:: WHAT THE TASK REQUIRES ::
Set down the data below without change, skipping the pictures it holds.

Dataset items
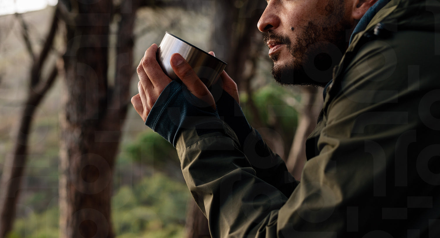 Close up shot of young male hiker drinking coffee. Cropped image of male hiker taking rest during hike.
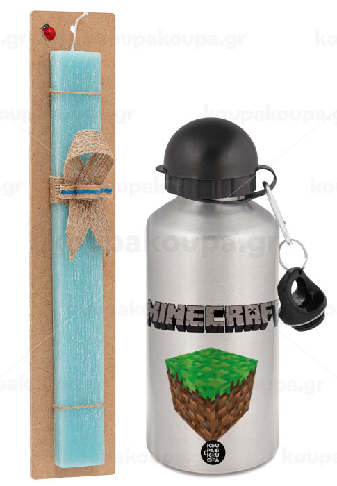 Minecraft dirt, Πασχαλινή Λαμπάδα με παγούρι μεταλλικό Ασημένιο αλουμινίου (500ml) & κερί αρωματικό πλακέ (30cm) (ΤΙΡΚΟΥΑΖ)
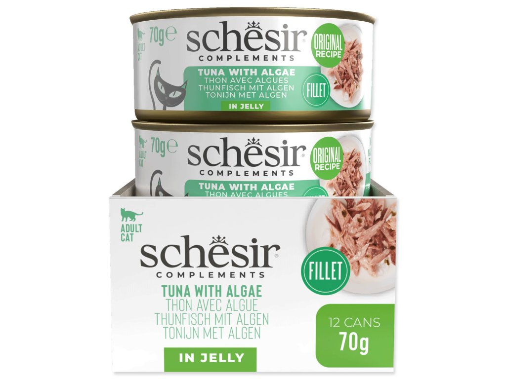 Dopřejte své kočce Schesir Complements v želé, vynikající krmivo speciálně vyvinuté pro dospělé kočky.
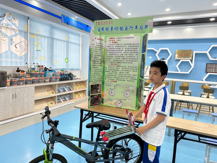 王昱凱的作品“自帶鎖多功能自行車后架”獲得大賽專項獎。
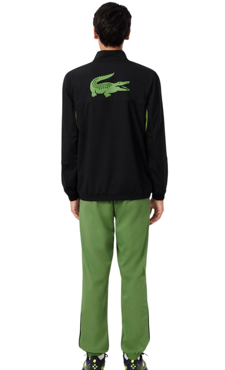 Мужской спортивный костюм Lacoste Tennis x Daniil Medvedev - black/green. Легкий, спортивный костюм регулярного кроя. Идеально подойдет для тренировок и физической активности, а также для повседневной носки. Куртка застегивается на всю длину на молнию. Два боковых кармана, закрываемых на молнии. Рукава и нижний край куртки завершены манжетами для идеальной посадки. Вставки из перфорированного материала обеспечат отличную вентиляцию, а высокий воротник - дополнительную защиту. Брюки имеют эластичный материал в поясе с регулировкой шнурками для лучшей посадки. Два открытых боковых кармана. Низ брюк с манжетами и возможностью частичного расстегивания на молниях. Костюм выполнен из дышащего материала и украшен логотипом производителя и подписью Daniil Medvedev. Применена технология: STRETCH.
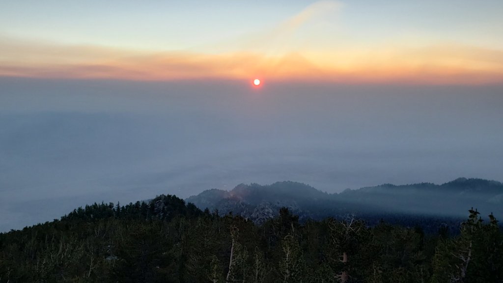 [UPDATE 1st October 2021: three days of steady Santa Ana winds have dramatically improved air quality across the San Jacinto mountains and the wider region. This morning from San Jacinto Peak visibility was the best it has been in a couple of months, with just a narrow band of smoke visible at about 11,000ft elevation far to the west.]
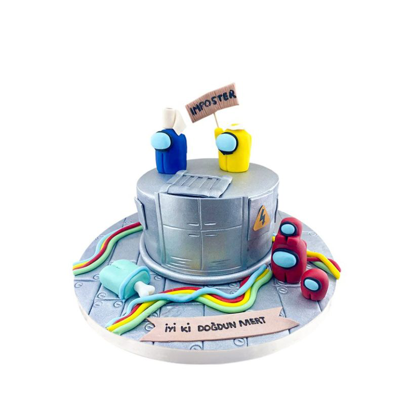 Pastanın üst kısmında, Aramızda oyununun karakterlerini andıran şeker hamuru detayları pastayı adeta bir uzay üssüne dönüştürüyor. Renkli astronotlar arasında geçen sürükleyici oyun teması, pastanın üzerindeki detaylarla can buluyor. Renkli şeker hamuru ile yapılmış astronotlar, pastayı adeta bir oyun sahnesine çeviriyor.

:: YOUR RESPONSE ::
 Close up shot of young male hiker drinking coffee. Cropped image of male hiker taking rest during hike.
 Minecraft dirt, Πασχαλινή Λαμπάδα με παγούρι μεταλλικό Ασημένιο αλουμινίου (500ml) & κερί αρωματικό πλακέ (30cm) (ΤΙΡΚΟΥΑΖ)
 Dopřejte své kočce Schesir Complements v želé, vynikající krmivo speciálně vyvinuté pro dospělé kočky.
 王昱凱的作品“自帶鎖多功能自行車后架”獲得大賽專項獎。
 Мужской спортивный костюм Lacoste Tennis x Daniil Medvedev - black/green. Легкий, спортивный костюм регулярного кроя. Идеально подойдет для тренировок и физической активности, а также для повседневной носки. Куртка застегивается на всю длину на молнию. Два боковых кармана, закрываемых на молнии. Рукава и нижний край куртки завершены манжетами для идеальной посадки. Вставки из перфорированного материала обеспечат отличную вентиляцию, а высокий воротник - дополнительную защиту. Брюки имеют эластичный материал в поясе с регулировкой шнурками для лучшей посадки. Два открытых боковых кармана. Низ брюк с манжетами и возможностью частичного расстегивания на молниях. Костюм выполнен из дышащего материала и украшен логотипом производителя и подписью Daniil Medvedev. Применена технология: STRETCH.
 [UPDATE 1st October 2021: three days of steady Santa Ana winds have dramatically improved air quality across the San Jacinto mountains and the wider region. This morning from San Jacinto Peak visibility was the best it has been in a couple of months, with just a narrow band of smoke visible at about 11,000ft elevation far to the west.]
 Pastanın üst kısmında, Aramızda oyununun karakterlerini andıran şeker hamuru detayları pastayı adeta bir uzay üssüne dönüştürüyor. Renkli astronotlar arasında geçen sürükleyici oyun teması, pastanın üzerindeki detaylarla can buluyor. Renkli şeker hamuru ile yapılmış astronotlar, pastayı adeta bir oyun sahnesine çeviriyor.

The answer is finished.